To nab mobsters, law enforcement has to do business with some pretty unsavory characters. A similar reality might be at play in the U.S. government’s pursuit of job-creating clean-energy projects.
To be sure, an investigative article by the Center for Public Integrity is pointing out that some recipients of Obama administration stimulus funds are “big polluters” and they’re getting their grants, loans and contracts without the scrutiny called for under the National Environmental Policy Act (NEPA).
“The Center has found roughly three dozen companies with past environmental problems that won NEPA exemptions for stimulus-funded projects from the Energy Department.

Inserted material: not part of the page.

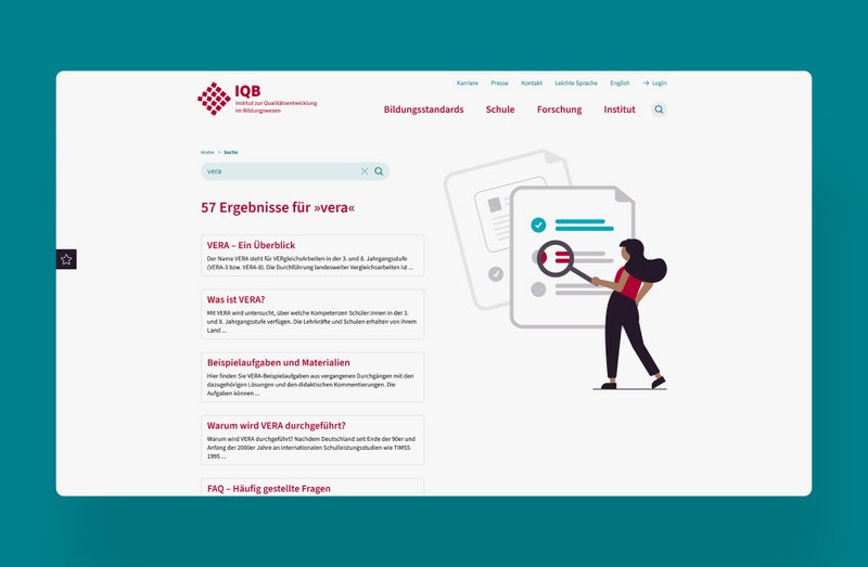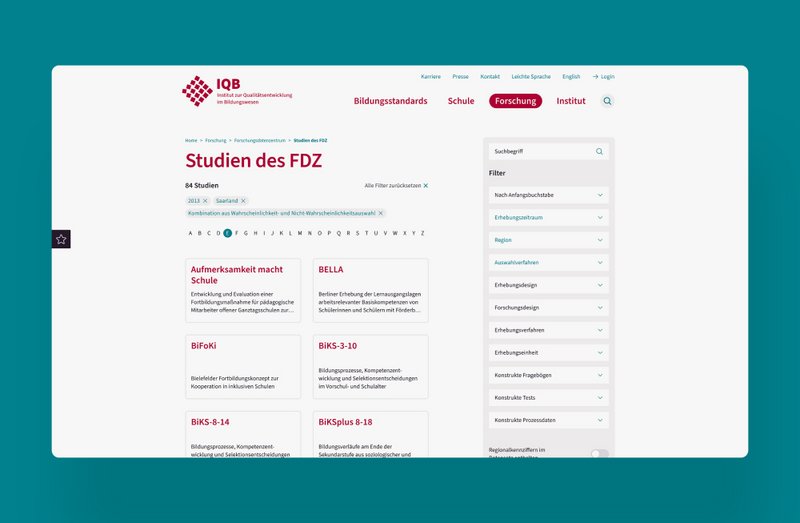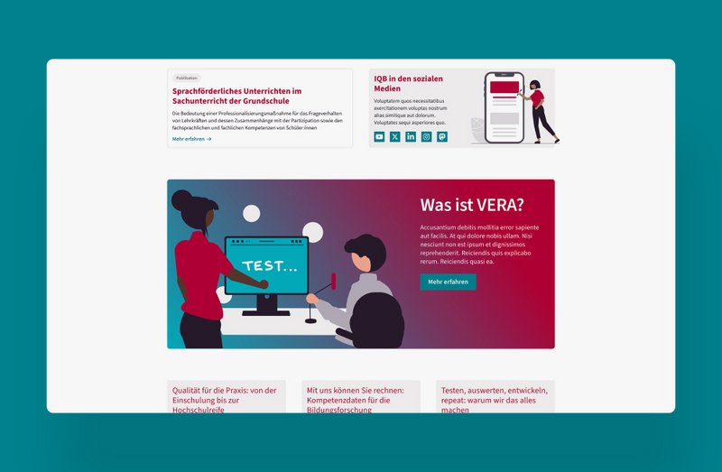 Das IQB stand vor der Herausforderung, sein institutionelles Erscheinungsbild und seinen digitalen Auftritt zeitgemäß weiterzuentwickeln. Ziel war es, die wissenschaftliche Expertise, die gesellschaftliche Relevanz und die vielfältigen Angebote des Instituts künftig klarer und moderner zu kommunizieren. Dabei sollte die bestehende Website nicht nur inhaltlich und gestalterisch überarbeitet, sondern auch funktional neu gedacht werden, inklusive barrierefreier Nutzung und einer adressatengerechten Navigation.

Those projects total $2 billion – or 6 percent of the department’s total money awarded so far,” journalists Kristin Lombardi and John Solomon report.
Regulators in the administration say what are known as “categorical exclusions” under NEPA have been vital to speeding some $30 billion of stimulus money toward clean-energy projects—and creating 35,000 jobs.
“And in the long run, they say, the exempted stimulus activities will serve to boost energy efficiency and curb pollution,” Lombardi and Solomon report.
The journalists uncovered documents that reveal that funding under the American Recovery and Reinvestment Act went to companies who admitted “their stimulus projects might cause ‘unknown environmental risks’ or could ‘adversely affect’ sensitive resources”; who “acknowledged they would produce hazardous air pollutants or toxic metals”; or had only recently settled major pollution cases.